> _Input data_:
________
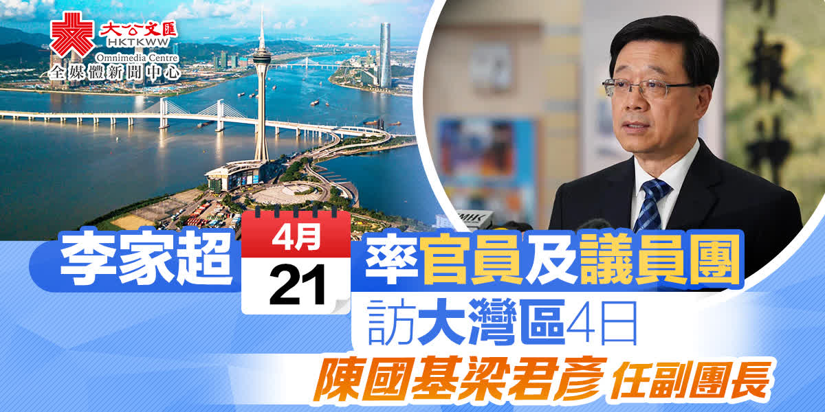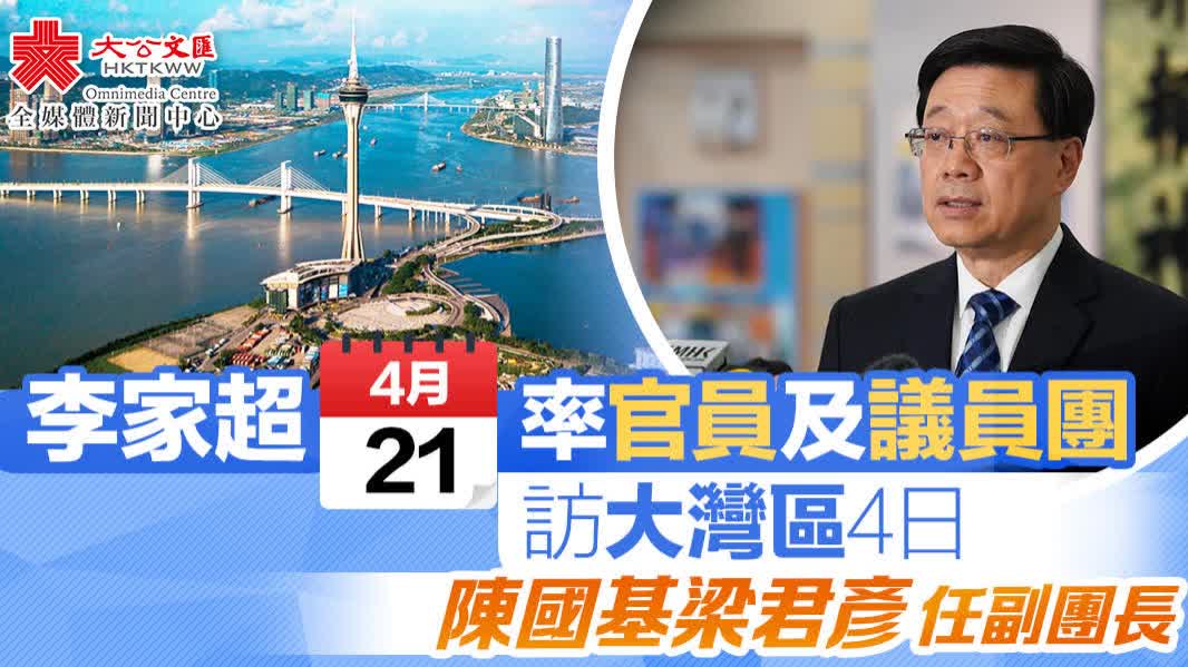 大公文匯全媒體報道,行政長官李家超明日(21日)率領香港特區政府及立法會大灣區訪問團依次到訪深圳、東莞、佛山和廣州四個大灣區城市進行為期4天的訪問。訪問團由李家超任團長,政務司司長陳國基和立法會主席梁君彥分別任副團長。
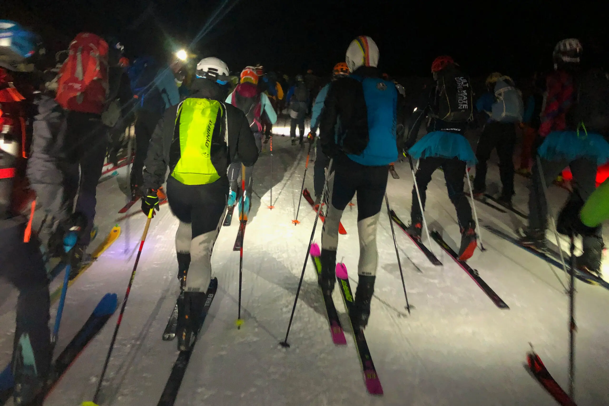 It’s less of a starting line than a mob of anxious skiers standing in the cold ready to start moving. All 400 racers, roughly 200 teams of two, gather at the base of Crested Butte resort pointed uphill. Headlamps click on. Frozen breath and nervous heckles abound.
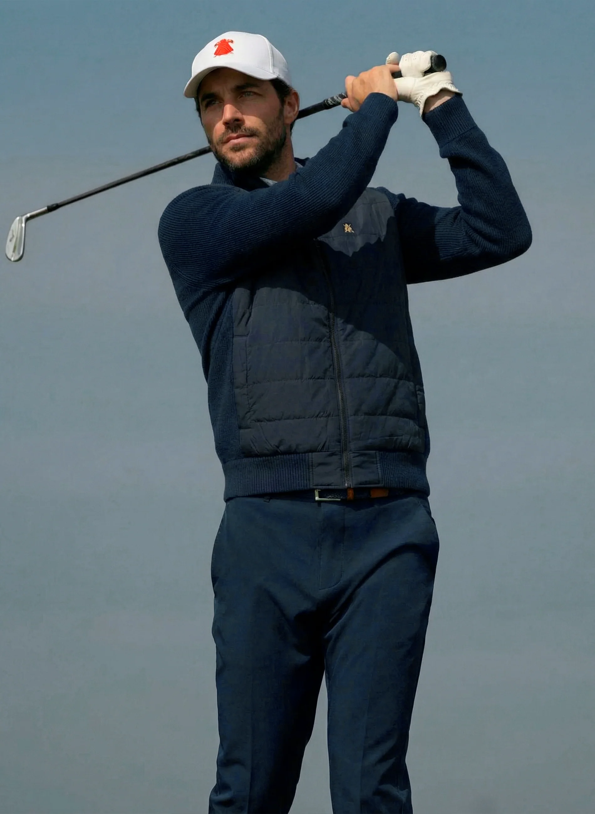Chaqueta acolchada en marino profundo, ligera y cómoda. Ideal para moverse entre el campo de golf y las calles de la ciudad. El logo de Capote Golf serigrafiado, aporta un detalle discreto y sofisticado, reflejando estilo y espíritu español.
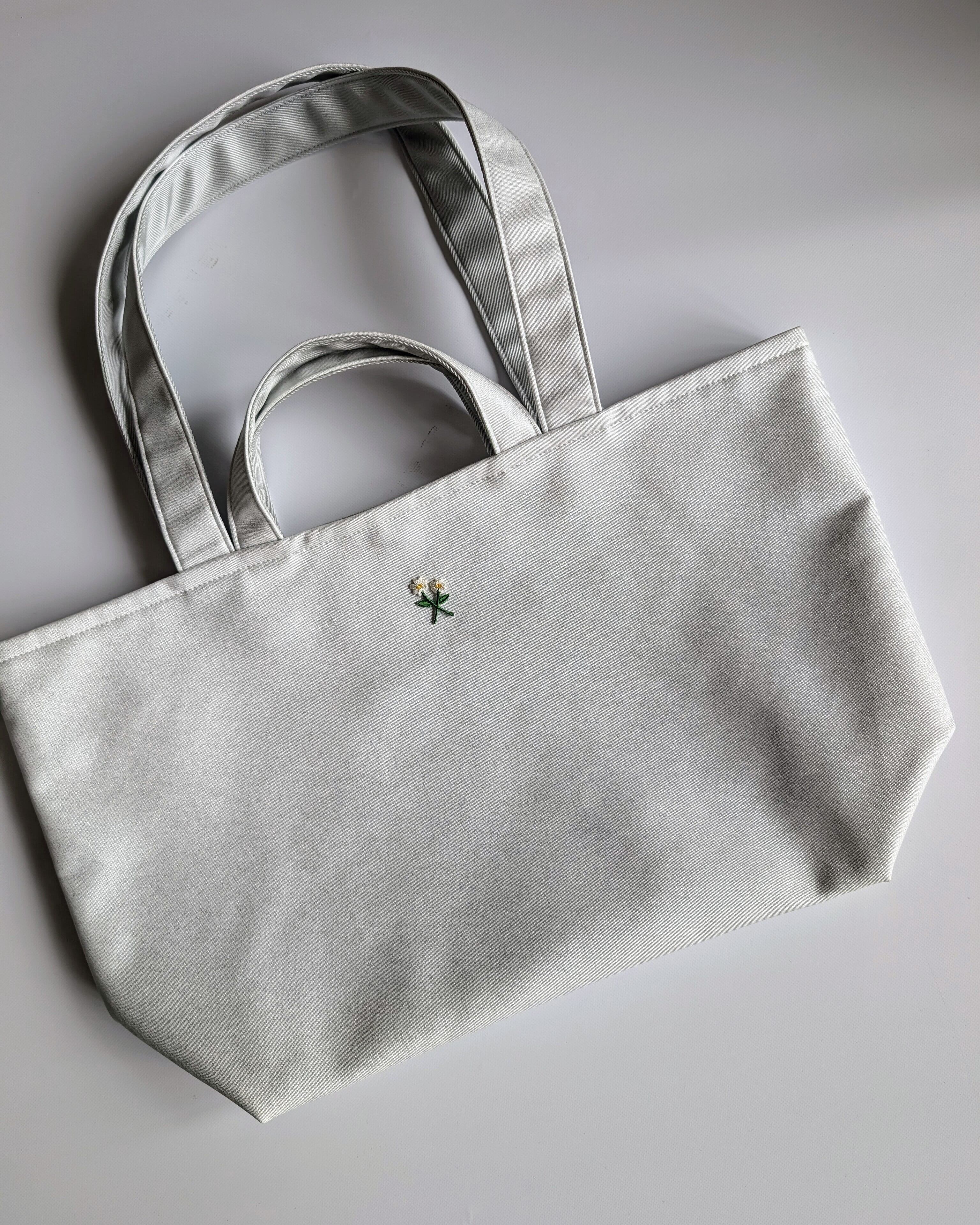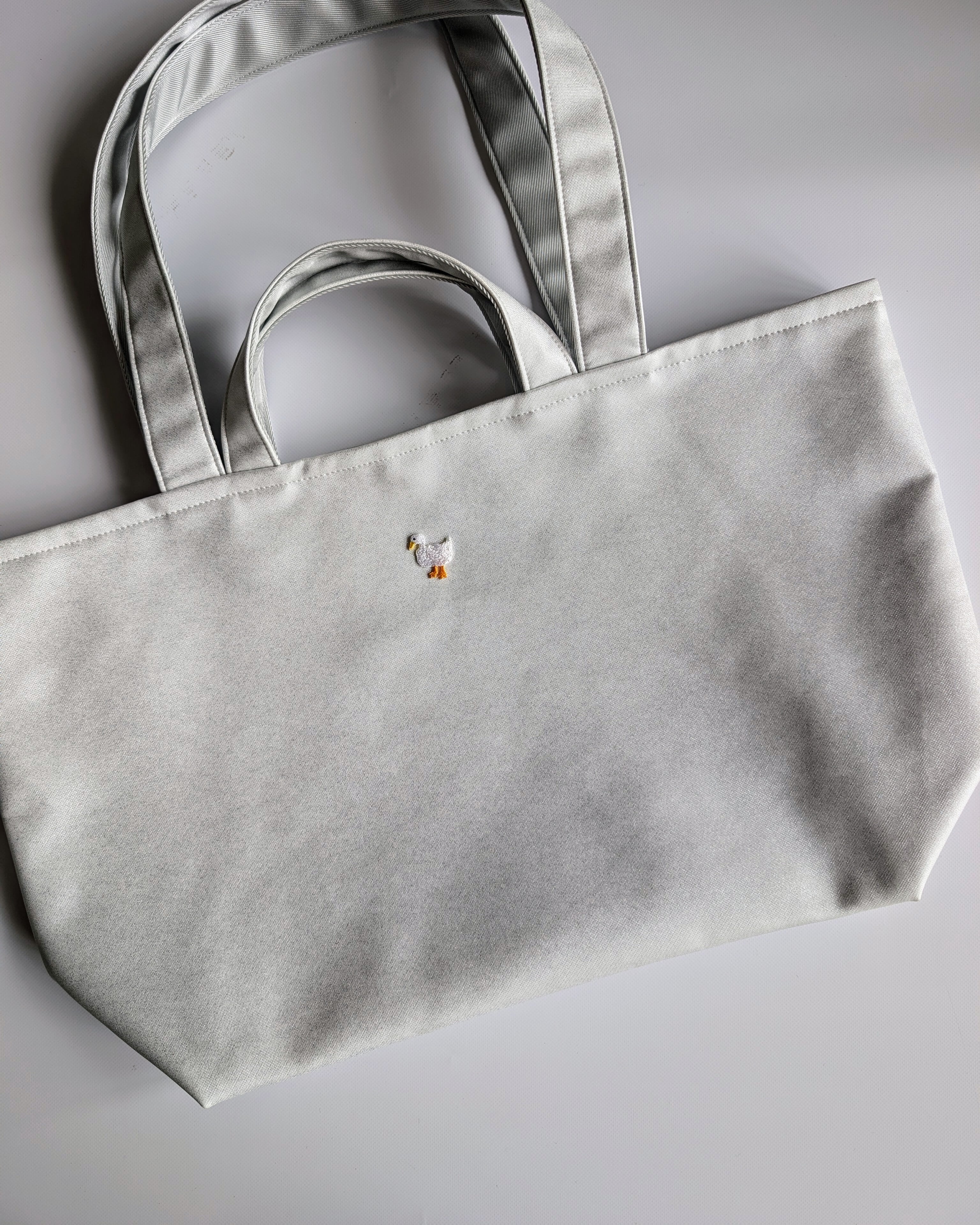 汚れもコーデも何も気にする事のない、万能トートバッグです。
________
> _About this exercise_:
Please repeat every line from the listing above exactly as it appears. Drop the pictures.

> _Exercise answer_:
 大公文匯全媒體報道,行政長官李家超明日(21日)率領香港特區政府及立法會大灣區訪問團依次到訪深圳、東莞、佛山和廣州四個大灣區城市進行為期4天的訪問。訪問團由李家超任團長,政務司司長陳國基和立法會主席梁君彥分別任副團長。
 It’s less of a starting line than a mob of anxious skiers standing in the cold ready to start moving. All 400 racers, roughly 200 teams of two, gather at the base of Crested Butte resort pointed uphill. Headlamps click on. Frozen breath and nervous heckles abound.
Chaqueta acolchada en marino profundo, ligera y cómoda. Ideal para moverse entre el campo de golf y las calles de la ciudad. El logo de Capote Golf serigrafiado, aporta un detalle discreto y sofisticado, reflejando estilo y espíritu español.
 汚れもコーデも何も気にする事のない、万能トートバッグです。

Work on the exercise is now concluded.